Second-degree felonies are punishable as follows:

  • Up to 15 years in prison
  • Up to 15 years of sex offender probation
  • Up to $10,000 in fines

First-degree felonies are punishable as follows:

  • Up to 30 years in prison
  • Up to 30 years of sex offender probation
  • Up to $10,000 in fines

Life felonies are punishable as follows:

  • Up to life in prison
  • Up to life on sex offender probation
  • Up to $10,000 in fines

The degree of an offense will be reclassified to a higher degree if the defendant causes great bodily harm, permanent disability or permanent disfigurement to another person during the commission of the offense.

What are some defenses against human trafficking?

Defenses against human trafficking will depend on the specific allegations and section under which the defendant is charged. Some potential defenses to the crime of human trafficking include:

  • Lack of knowledge on the part of the defendant
  • No reckless disregard of the facts
  • No financial benefit to the defendant
  • The defendant was not the parent or legal guardian of the child or did not have custody or control of the minor child
  • False allegations
  • Identification of the defendant

The defendant’s ignorance of the victim’s age, the victim’s misrepresentation of their age or the defendant’s bona fide belief of the victim’s age cannot be used as a defense.

The victim’s lack of chastity or the willingness or consent of the victim is not a defense if the victim was under the age of 18 at the time.

As you may have already gathered, prosecuting these crimes can be complicated for several reasons. I have learned through multiple law enforcement agencies that even “catching” the trafficker can be difficult because their victims are taught to run and escape the police knowing that if they are caught, the punishment at the hands of their trafficker/pimp will be far more extreme than that which they would meet by law enforcement.

Oftentimes, the testimony of the victim may fall apart for multiple reasons. They become fearful of their trafficker, they lack the credibility to sustain cross-examination, or they simply are not emotionally or physically stable enough to sustain the stress and pressure of a trial.

How do you know if someone is truly a victim of human trafficking?

Human trafficking is real. It is a problem. And those individuals who engage in the “modern-day slavery” trade should be prosecuted, in my opinion. However, like all crimes, the defendant has a right to be presumed innocent and is entitled to a fair trial. Overzealous prosecutors and law enforcement agencies must use caution in labeling individuals as victims of human trafficking.

Not all people in the sex trade are “victims” from the criminal defense perspective. Cases should be scrutinized, and defendants’ rights must be protected because it is the law, the penalties are severe and wrongful convictions are very possible.

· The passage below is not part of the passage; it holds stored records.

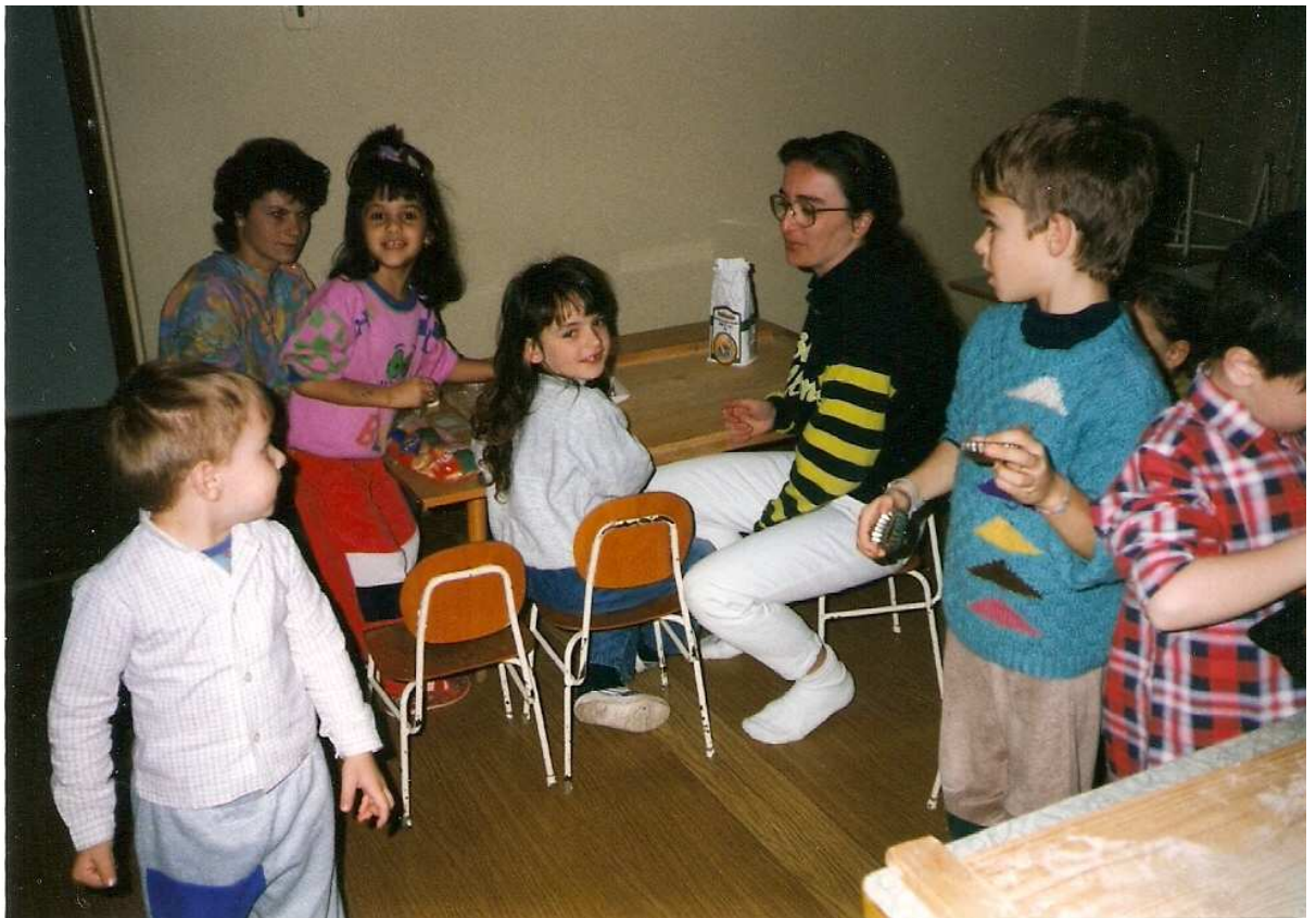
Vánoční přípravy a besídka ( 4.12. )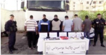
ب.ر. جاء في البيان، "تكتلت فرقة مكافحة الجرائم الكبرى بالصلحة الولائية للشرطة القضائية بأمن ولاية بومرداس، من تفكيك نشاط شبكة إجرامية تقوم بالتزوير في الملفات القاعدية للمركبات، القضية تمت بعد اكتشاف عناصر الفرقة لرقم تسلسلي في طراز إحدى المركبات تظهر عليه آثار التزوير، ليتم تحويلها وفتح تحقيق في القضية".

خشبية وثلاثة أوراق زجاجية تستعمل في مسح آثار آلة قطع الحديد في مكان التزوير. هذه الوسائل تستعمل في تغيير أرقام لوحات ترقيم المركبات وكذا هياكل المركبات. تم إجازة ملفات قضائية ضد المشتبه فيهم وتقديمهم أمام العدالة عن تهمة تكوين جمعية أشرف قصد الإعداد الإجرامية للتزوير واستعمال المزور في محرمات إدارية ورسمية. وضع لسير مركبة بلوحة ترقيم من شأنها أن توهم بأن المركبة تم تزويرها بصفحة قانونية بالتراب الوطني، وفق ذات البيان.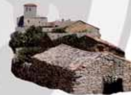
Hornillos del Camino

Su casco antiguo configura uno de los trazados urbanos más largos por los que discurre el Camino de Santiago con casi un kilómetro de longitud.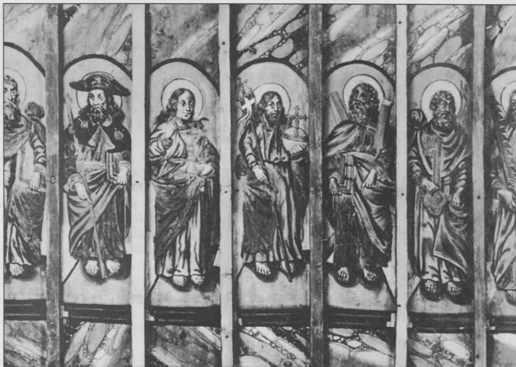
Uničeni detajl stropne figuralne poslikave, podružnična cerkev sv. Andreja, Kleč, 17. stol.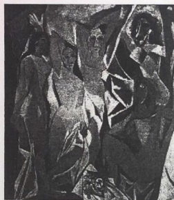
LA COLOMBE POIGNARDÉE ET LE JET D'EAU

Estos son los principales movimientos de vanguardia: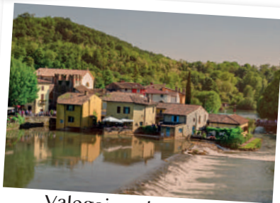
Valeggio sul Mincio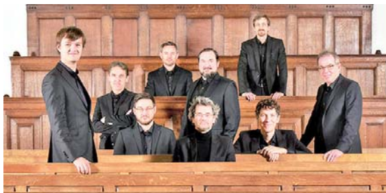
ESTE ENSAMBLE , líder en la interpretación de piezas polifónicas de los siglos XV y XVI, con especial énfasis en el repertorio de los Países Bajos, se presentará este domingo en la Sala de Conciertos de la Biblioteca Luis Ángel Arango.

Con oboe, clarinete y fagot, Tres Palos Ensamble es una propuesta que desde hace una década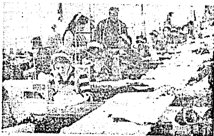
Aspect din secția confecții-serie a cooperativei meșteșugărești „Artex” Arad.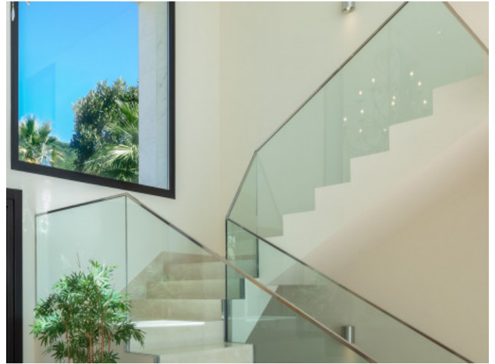
Escalera con barandilla de cristal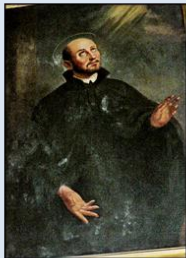
11,24 – Katowice, fg w ko św. Józefa; 11,25- Katowice- Szopienice, fg w ko św. Jadwigi Śl. 11,26- Toruń, ob. w ko Św. Ducha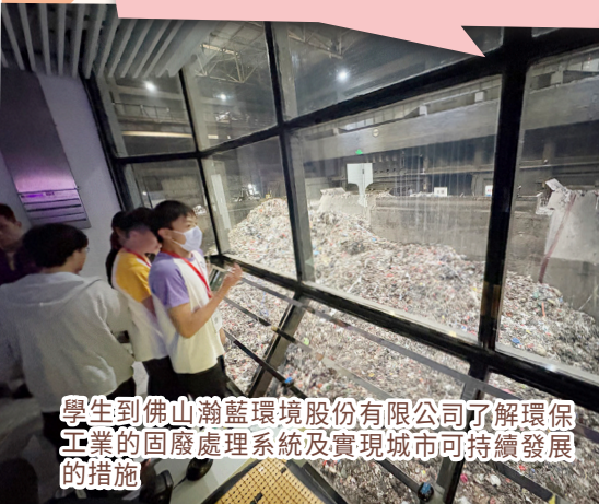
學生到佛山瀚藍環境股份有限公司了解環保工業的固廢處理系統及實現城市可持續發展的措施

參觀「羅浮宮國際家具博覽中心」後，我瞭解到不同材質的特點和各類人群的需求，對傢俱設計及室內裝飾行業產生了濃厚興趣。未來我會持續充實自己，朝著這個專業領域的目標而努力前進。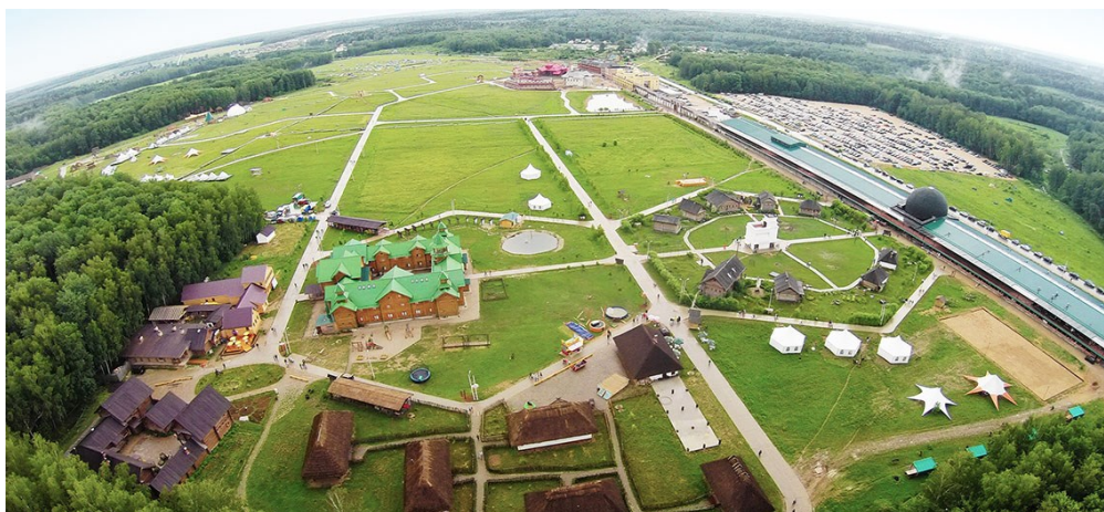
Рис. 1. Этнографический парк-музей «Этномир» в деревне Петрово Калужской области.

Существующая модель функционирования сельского туризма как «национальная деревня», особенность которой заключается в создании стилизованных под национальную специфику «агротуристских деревень», «рыбачьих деревень», «пчеловодческих хозяйств» этнографических центров и тому подобных, требует больших инвестиционных ресурсов, и осуществление таких проектов под силу только крупным предпринимателям (рис. 1).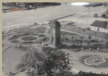
Figura 3: Praça do Imigrante em São Leopoldo antigamente. Ano da foto: 1936

2. Busca por informações que representassem a transformação desses espaços públicos e seu mobiliário ao longo do tempo, através de pesquisas em acervos e em órgãos públicos;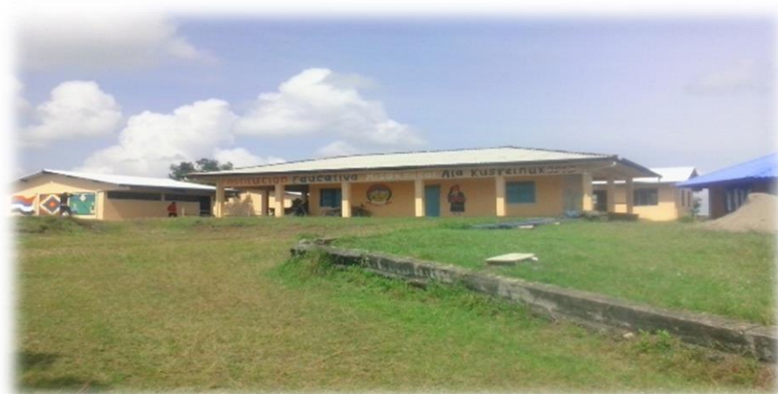
Fotografía 63. Sede de la institución integral de formación e investigación misak.

Posteriormente, la comunidad decide crear su propio cabildo y no seguir como ampliación del territorio del resguardo de Mosoco. Ahora es legalmente constituido como resguardo con el nombre de Muse Ukwe (en honor a Mosoco). Los procesos político-organizativos y comunitarios están en manos del Cabildo.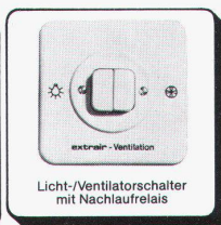
Licht-/Ventilatorschalter mit Nachlaufrelais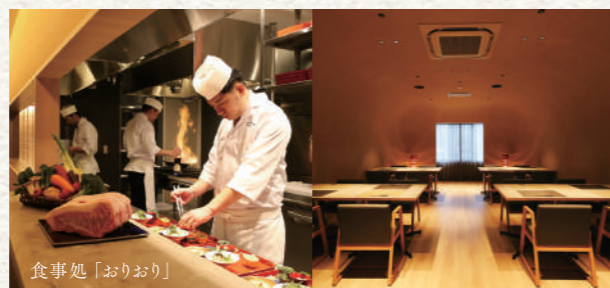
食事処「おりおり」 ※食事処は一例。お食事場所は当館の一任とさせていただきます。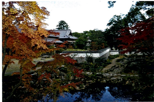
所有者/下関市観光施設課 施設管理者/一般財団法人 下関市公営施設管理公社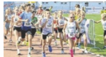
Schüler- und Jugendläufe

Beim Schnupperlauf für die Jahrgänge 2018 und jünger erhalten alle Kinder im Ziel eine Medaille und ein Überraschungssackerl. Bei den Schüler- und Jugendläufen der Jahrgänge 2017 bis 2008 werden sämtliche Jahrgänge separat gewertet. Ehrenpreise gibt es bis Rang sechs, zusätzlich lockt eine Sachpreisverlosung. Aus dem traditionellen Zwei-Stege-Lauf wird heuer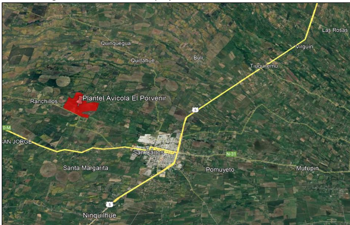
Figura N° 1: Ubicación del proyecto “Plantel Avícola El Porvenir”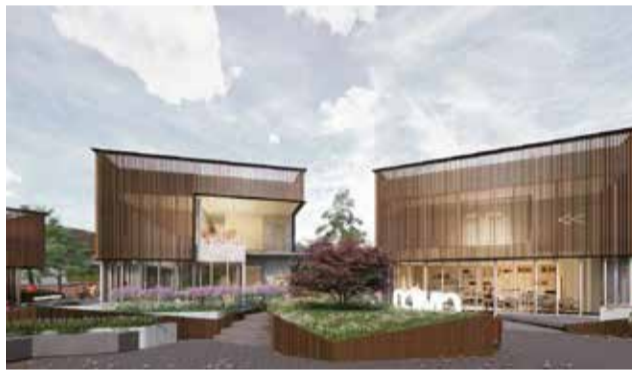
Proyección del centro cívico

En la actualidad la zona sur del municipio, que alberga alrededor del 30% de la población total, cuentan con un espacio reducido y no de titularidad municipal donde se acogen las actividades "Bétera Saludable" para mayores de 65 años así como espectáculos culturales organizados por el área de Derechos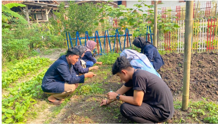
Gambar 7. Membantu kegiatan Ibu-Ibu PKK di Taman Toga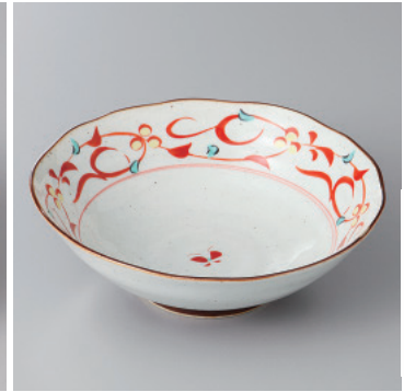
97-4-93H 1,500円 有田焼 赤絵唐草平小鉢 5入 14.5×5cm

How might someone be wrongfully convicted of a human trafficking charge?

USA Today reported that lawmakers are drafting legislation that may lead to wrongful convictions. Wrongful convictions are not the only problem. Wrongful prosecutions can ruin lives. The unknowing minor participant in a trafficking ring can be prosecuted with the ring leaders even though their participation is minor.

The mere fact that an individual is prosecuted for human trafficking places a strong negative stigma on the individual regardless of whether they are convicted. It is important to hire an experienced criminal defense lawyer who has a thorough understanding of the laws and defenses associated with human trafficking.